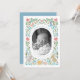 Hand-drawn flowers and leaf border with birds, snails and bunnies, over custom colour. Add more text or photos to the back if desired. Also available in foil.
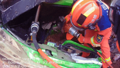 从另一侧潜入严重变形的驾驶室内部
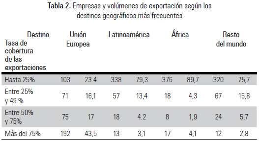 Finalmente, y con el fin de identificar y describir las barreras a la exportación percibidas con mayor frecuencia por las empresas españolas participantes en el estudio en función del destino mayoritario de sus exportaciones, se realizaron análisis de frecuencias absolutas y relativas, y se calcularon estadísticas que incluyen medidas de tendencia central (e. g. media, mediana y moda) y de dispersión (desviación estándar y desviación cuartil). Para la consideración de empresas exportadoras según cada uno de los destinos geográficos, el análisis se limitaba exclusivamente a aquellas empresas que destinaban más del 50% del total de su exportación a uno de los cuatro destinos geográficos señalados: Latinoamérica, la Unión Europea, África y el resto del mundo (Tabla 2).
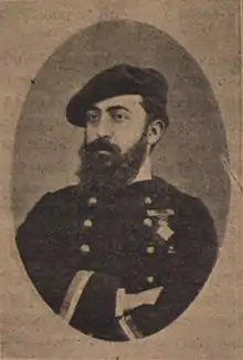 Estallada la Tercera Guerra Carlista, en 1873 dejó de lado su carrera periodística para combatir en el bando de Don Carlos. Después de servir algunos meses en el batallón de Radica (2.º de Navarra), fue destinado a las órdenes del General Antonio Lizárraga, a quien acompañó como Ayudante de Campo durante todo el resto de la campaña, tanto en el Norte como en Cataluña, Aragón y el Maestrazgo. Fue ascendido a comandante y obtuvo condecoraciones militares, distinguiéndose principalmente en los combates de Somorrostro y en el sitio de la plaza de Seo de Urgel.[5]

Problem requirements: Please repeat all of the data exactly, excluding images.

Written response:
 Hand-drawn flowers and leaf border with birds, snails and bunnies, over custom colour. Add more text or photos to the back if desired. Also available in foil.
 从另一侧潜入严重变形的驾驶室内部
 Finalmente, y con el fin de identificar y describir las barreras a la exportación percibidas con mayor frecuencia por las empresas españolas participantes en el estudio en función del destino mayoritario de sus exportaciones, se realizaron análisis de frecuencias absolutas y relativas, y se calcularon estadísticas que incluyen medidas de tendencia central (e. g. media, mediana y moda) y de dispersión (desviación estándar y desviación cuartil). Para la consideración de empresas exportadoras según cada uno de los destinos geográficos, el análisis se limitaba exclusivamente a aquellas empresas que destinaban más del 50% del total de su exportación a uno de los cuatro destinos geográficos señalados: Latinoamérica, la Unión Europea, África y el resto del mundo (Tabla 2).
 Estallada la Tercera Guerra Carlista, en 1873 dejó de lado su carrera periodística para combatir en el bando de Don Carlos. Después de servir algunos meses en el batallón de Radica (2.º de Navarra), fue destinado a las órdenes del General Antonio Lizárraga, a quien acompañó como Ayudante de Campo durante todo el resto de la campaña, tanto en el Norte como en Cataluña, Aragón y el Maestrazgo. Fue ascendido a comandante y obtuvo condecoraciones militares, distinguiéndose principalmente en los combates de Somorrostro y en el sitio de la plaza de Seo de Urgel.[5]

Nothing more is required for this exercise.